Grandpa Thomas loved his grandkids. He loved spending time with us as a family, which makes me even more bothered that we didn’t spend the time to visit with them, he would’ve loved Lia, or keep more in contact with them than we did.
As kids you don’t do that. Your parents do that. As we grow from young adults to grown ups we’re so accustomed to having our parents relay messages to them that we can’t just pick up the phone and call them ourselves. That’d be weird!
Say what you may about Facebook but it’s always nice when I see that my Aunt Barbie (Dad’s sister) LIKED my Facebook status because I know she’s keeping track of us.
I spent most of my Friday grieving. I couldn’t believe the news. I was saddened that I wasn’t going to be there or wasn’t going to be able to say goodbye. I felt for my dad, who I knew was feeling a little upset because he too didn’t spend the time he wanted to spend with them. I was happy to hear that Dad was able to make it there to be with him before he passed. I know he’s not beating himself up for the lost time and I know he wants to make that right. Unfortunately it’s things like this cause some of us to pull a little closer.
Saturday when news broke that he had passed I was in the midst of running the Church Olympics at our annual campout. I couldn’t have been in a better place. Running events allowed me to take my mind off of the grief. It allowed me to be with good, caring people that care about me and my family. I could play volleyball or board games with the teenagers. My mind was elsewhere, which was a wonderful contrast to Friday when I sat in my office thinking only about my dying Grandfather.
I don’t really know what I’m saying now. It’s 1am. I’m tired. I just felt I needed to write something. Get it off my chest.
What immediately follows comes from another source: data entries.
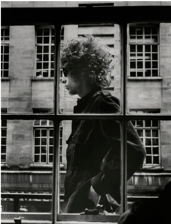
Bob Dylan (detail) by Douglas Eatwell, 1966

American Friends of the National Portrait Gallery aims to encourage appreciation and understanding of the art of portraiture through support of the activities of the National Portrait Gallery in London, and its collaboration with American arts and academic institutions. This support is intended to broaden awareness of the National Portrait Gallery's collections and its activities in the United States, recognize the interest of U.S citizens in these activities, and strengthen appreciation of U.S. and British citizens' common artistic heritage.
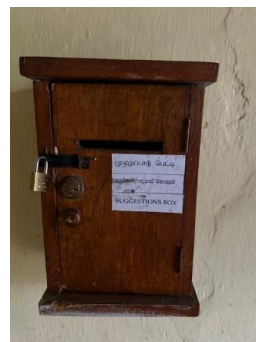
Operation of Complaints and Suggestions Box
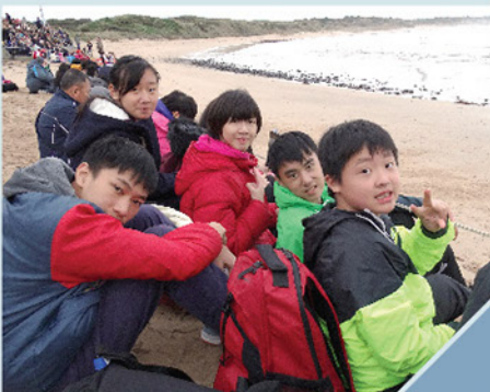
We are waiting for the penguins to come home.
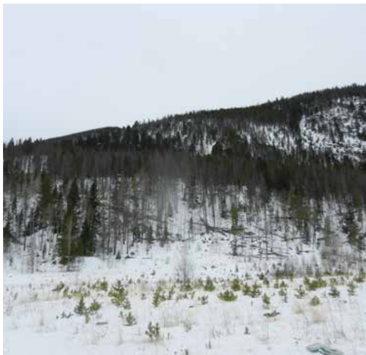
In many parts of Colorado, the Pine Wilt Beetle has reduced forests by up to 80 percent, creating areas of deadfall and altering runoff water flows in the process.

I’m sorry that I wasn’t able to see him in recent years. I’m sorry that I couldn’t see him before he passed. I’m sorry he never shared in the joy that is my trio of kids.
I’m thankful for the time I did spend with him. I’m thankful for the love he gave to his family. I’m thankful for the wonderful person he was. I’m thankful for the baseball talks. I’m thankful for the Padres tickets and the connection to Mark Parent. I’m thankful for what he taught my dad. But most importantly I’m thankful that he gave my dad a Dad.
Thank you Grandpa Thomas! You’ll be forever loved and forever missed!